Collected data entries
★ ★ ★

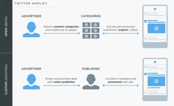 - Pazarlamacıların Twitter Amplify hizmeti üzerinden seçtikleri içerik kategorilerine ekleyecekleri video reklamları, videoların hemen öncesinde yer alacak. Sponsorluk anlaşmasına gerek kalmadan reklam vermenin önünü açan özellikle ilgili bazı öngörüleri buradan edinebilirsiniz.
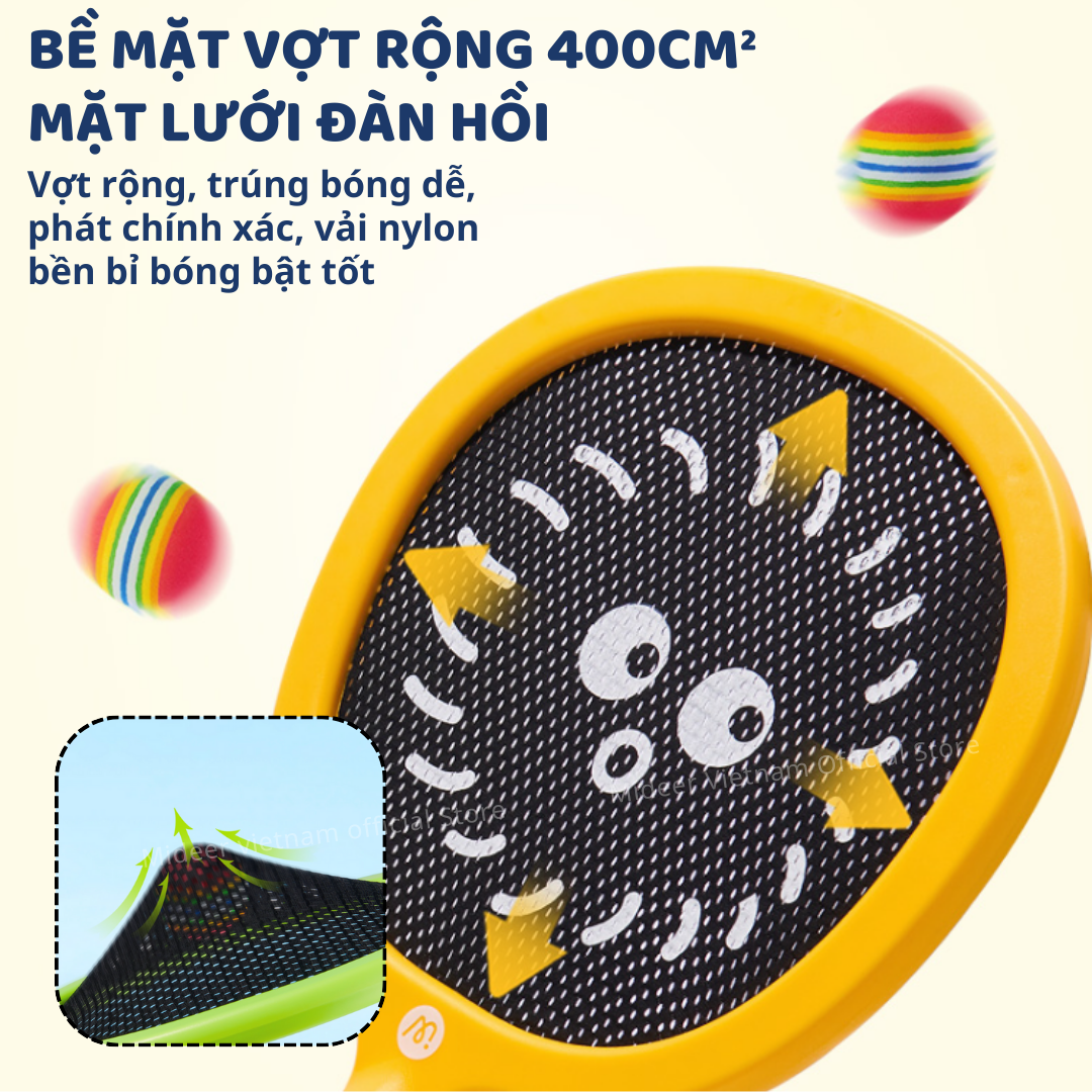 - THIẾT KẾ PHÙ HỢP VỚI TRẺ EM Vợt được thiết kế đặc biệt cho trẻ mới bắt đầu để kích thích khả năng thể thao của trẻ. Chất liệu vải mềm mại và trọng lượng nhẹ giúp trẻ dễ dàng kiểm soát và điều khiển vợt, từ đó đem lại cảm giác thành tựu và niềm yêu thích thể thao cho con.
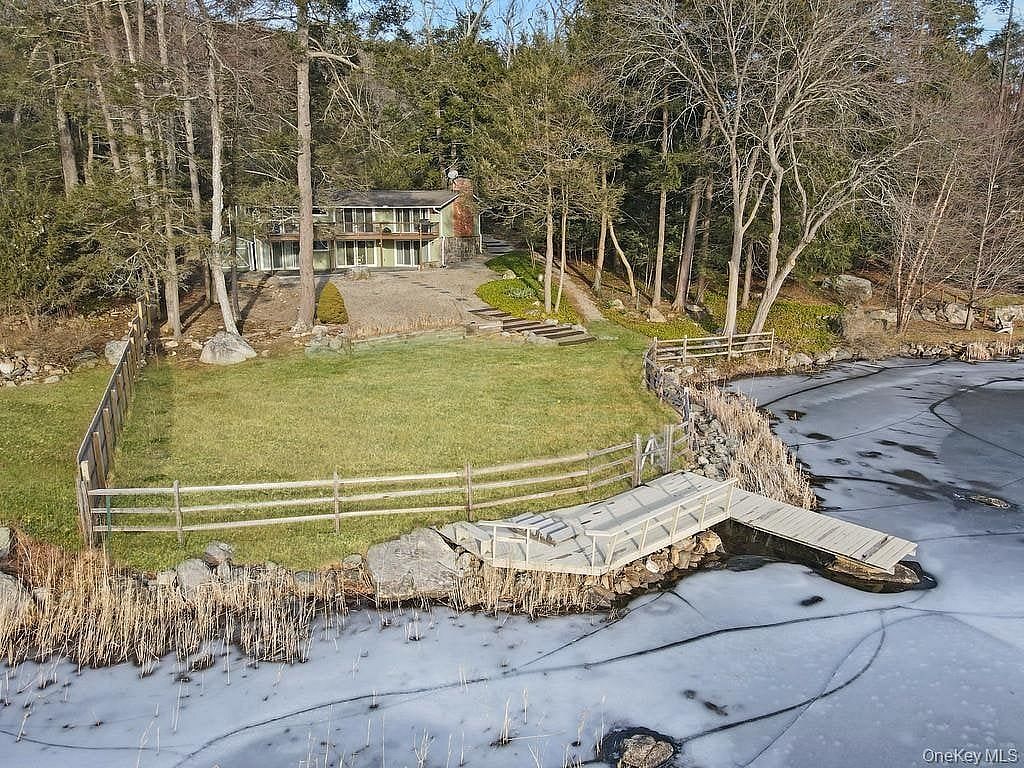 Set along the shoreline of Lake Oscaleta, this direct waterfront home offers a rare combination of privacy, natural beauty, and truly usable lakefront property in the heart of South Salem. Occupying .564 acres with sweeping frontage on one of the area's most peaceful glacial lakes, the setting is defined by something increasingly hard to find - an expansive, level lawn that extends all the way to the water. Unlike many lakefront properties where steep slopes limit access and usability, this property offers a broad, open yard ideal for entertaining, recreation, or simply enjoying the outdoors. The gentle approach to the lake creates an effortless connection between the home and the water, making everyday use as practical as it is beautiful. At the shoreline, a substantial private dock and swim platform provide immediate access to the lake, whether for launching kayaks and paddleboards or spending long summer days in and around the water. Lake Oscaleta is known for its depth and quiet character, with limited motorized use that preserves its calm, reflective setting. The home itself has been thoughtfully updated and is designed to maximize its connection to the lake. The main level, offering approximately 1,578 square feet, is centered around an open living and dining space with vaulted, wood-beamed ceilings and a striking brick fireplace that anchors the room. Walls of glass and sliding doors frame the water from nearly every angle, filling the home with natural light and providing seamless access to the expansive deck - perfect for dining, entertaining, or simply taking in the view. The kitchen integrates comfortably into the living space, creating an easy flow for both everyday living and gatherings. The primary bedroom enjoys direct access to the deck and lake views, while two additional bedrooms and well-appointed baths complete the main level. The home is also equipped with an automatic whole-house generator, providing peace of mind and uninterrupted comfort year-round. The full walkout lower level adds approximately 1,200 square feet of flexible living space, ideal for guests, recreation, or extended stays. With its own fireplace, multiple seating areas, and direct access to the stone patio and backyard, it functions as a true extension of the home, offering both comfort and versatility. Outside, the landscape has been designed to complement the natural setting, with a combination of lawn, stonework, and mature trees creating multiple outdoor living areas without sacrificing the openness of the yard. From the elevated deck to the covered patio below, every space is positioned to take advantage of the lake. Just minutes from the hamlets of South Salem and Ridgefield, and within easy reach of Metro North and major highways, this is a property that offers both escape and accessibility. A rare opportunity to own a level, highly usable waterfront property with a substantial dock on one of Northern Westchester's most serene lakes.
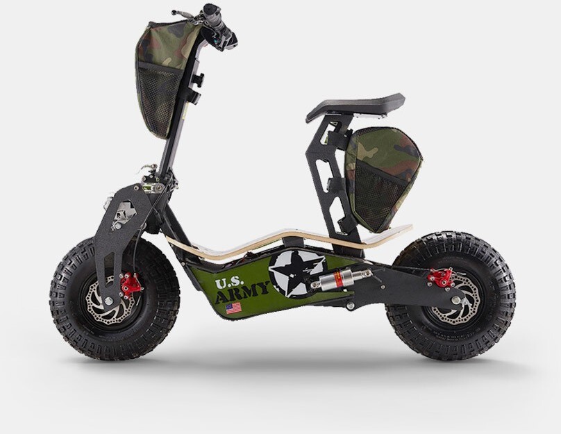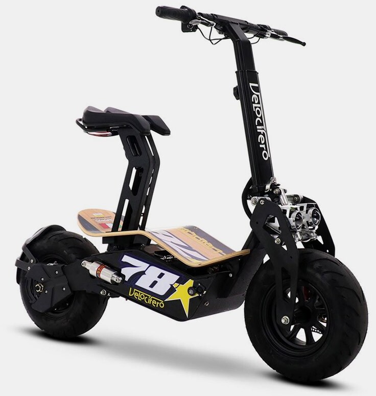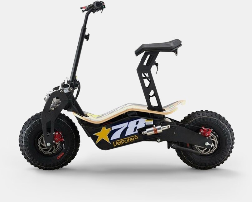 O assento do ciclomotor é removível, transformando-o num patinete de grande porte. O guiador pode ser dobrado.
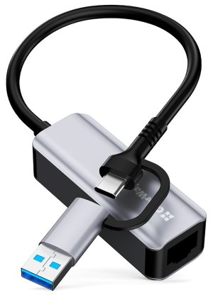 Univerzálny sieťový adaptér pre rýchle pripojenie k drôtovej sieti cez USB alebo USB-C port.
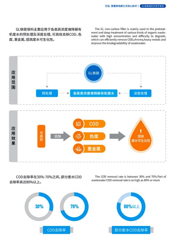 2、在微电解反应过程中,GL催化剂全程参与,杜绝长时间运行过程中由于铁的腐蚀出现的均流,及时剥离反应过程中生成的金属氧化物和氢氧化物膜,填料层层消耗、变小,阻止填料表面钝化板结,使整个处理过程高效、持久、稳定。
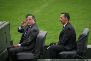 (250311) -- BOGOTÁ, 11 marzo, 2025 (Xinhua) -- El presidente colombiano, Gustavo Petro (i), y el nuevo ministro de Defensa colombiano, Pedro Sánchez Suárez (d), participan durante la ceremonia militar de reconocimiento de tropas, en la Escuela Militar José María Córdova, en Bogotá, Colombia, el 11 de marzo de 2025. (Xinhua/Andrés Moreno) (am) (jg) (ra) (ce)

★ ★ ★

Give again, word for word, every line from the top of the data above to the line holding "- THIẾT KẾ PHÙ", inclusive, with the pictures left out.

* EXERCISE OUTPUT
 - Pazarlamacıların Twitter Amplify hizmeti üzerinden seçtikleri içerik kategorilerine ekleyecekleri video reklamları, videoların hemen öncesinde yer alacak. Sponsorluk anlaşmasına gerek kalmadan reklam vermenin önünü açan özellikle ilgili bazı öngörüleri buradan edinebilirsiniz.
 - THIẾT KẾ PHÙ HỢP VỚI TRẺ EM Vợt được thiết kế đặc biệt cho trẻ mới bắt đầu để kích thích khả năng thể thao của trẻ. Chất liệu vải mềm mại và trọng lượng nhẹ giúp trẻ dễ dàng kiểm soát và điều khiển vợt, từ đó đem lại cảm giác thành tựu và niềm yêu thích thể thao cho con.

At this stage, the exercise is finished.